La preuve: “western” heterosexual men do not generally wear skirts, unless it is a question of religious dress (et encore). Even the stars can’t quite pull it off: think of the gasps over David Beckham’s sarong in 1998, or (twenty years on) the consternation which greeted Jaden Smith’s modelling of skirts for Vogue, such as this existentialist fretting from the New York Times:
(…) there’s no question clothes are one way we order the world. (…) Whatever you do in your private life, clothes are public signals about how to read you. They are part of the social contract. If that order is thrown up in the air, how will we know what snap judgments to make? (…) The fear of semiological chaos (and the force of historical convention) explains in part why clothing norms have held on so long. We want to understand what we are seeing, and we want those seeing it to understand what we are saying.
High-heeled shoes, tight jeans, padded bras (shout out here to Petit Bateau’s range for teenagers, which I discovered while buying underwear for my ten-year-old daughter)… “feminine” clothing, cosmetics and beauty-regimes are a huge consumer market intended to force us to be leg/pubic/grey-hair-free, cellulite-free, fat-free, wrinkle-free. A huge and consuming waste of women’s time, money and self-esteem.

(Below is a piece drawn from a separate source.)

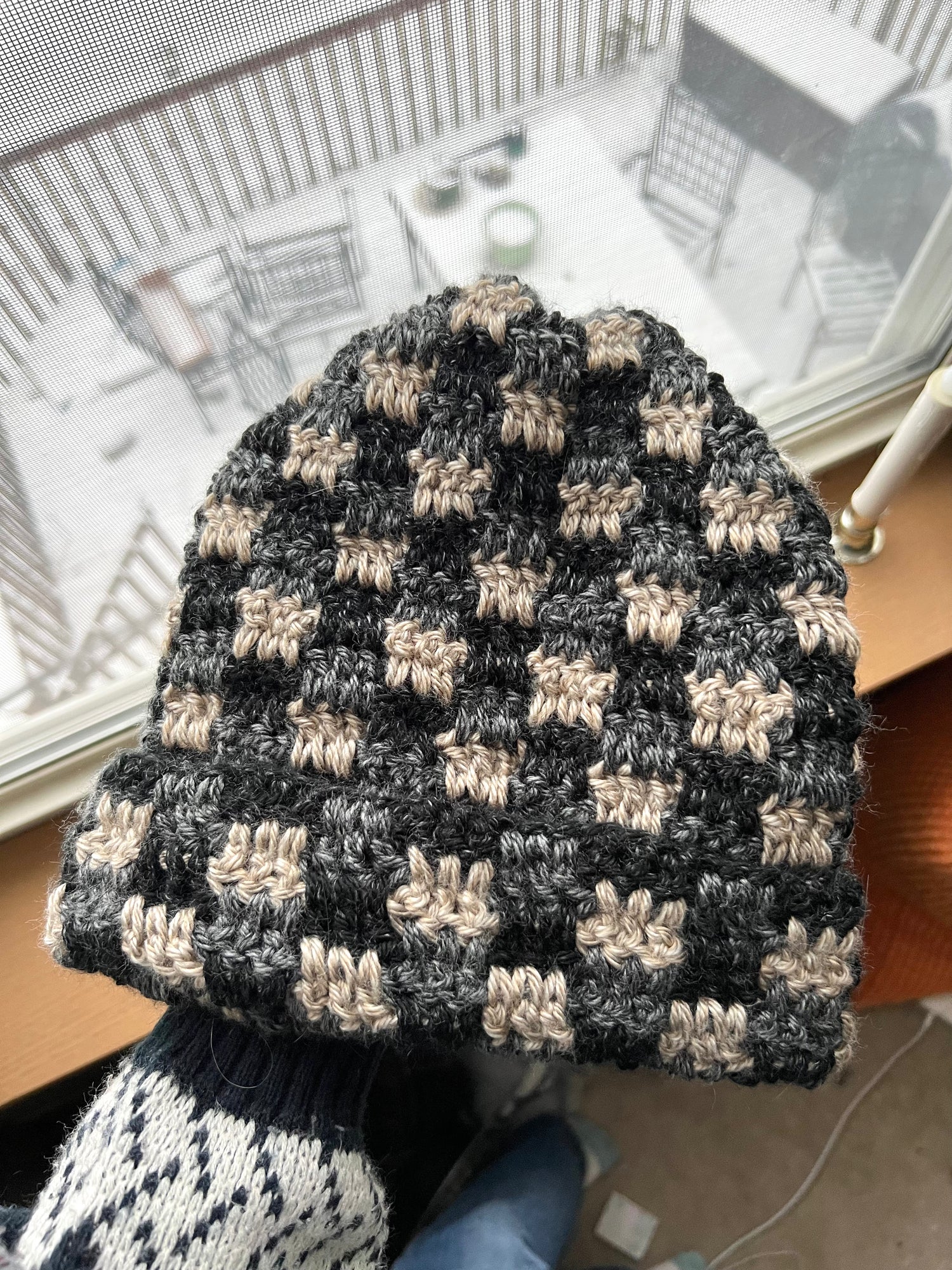 hand crocheted checkered beanie

So in defending a woman’s right to wear these things, what are we actually defending? Is the skirt just a skirt? Or is it just another expression of gendered roles which actually binds us in further to restriction and objectification, rather than liberation and equality?
These are questions, not answers. But this debate appears to be more about choice and the challenge of choice, rather than the choice itself. And yet only in a world where my own son can wear a skirt if he wants to, without raising eyebrows (including mine); only in a world where clothing and fashion are not greater forces of nature than nature itself; only in a world where women’s bodies and their sexuality are not constantly judged, objectified or commercialised; only then can we all truly dress as we please, without consequence.
Until then, our wardrobe options remain far from neutral, and our free choice, only partly so.
From the garden of Eden… to fruit of the loom.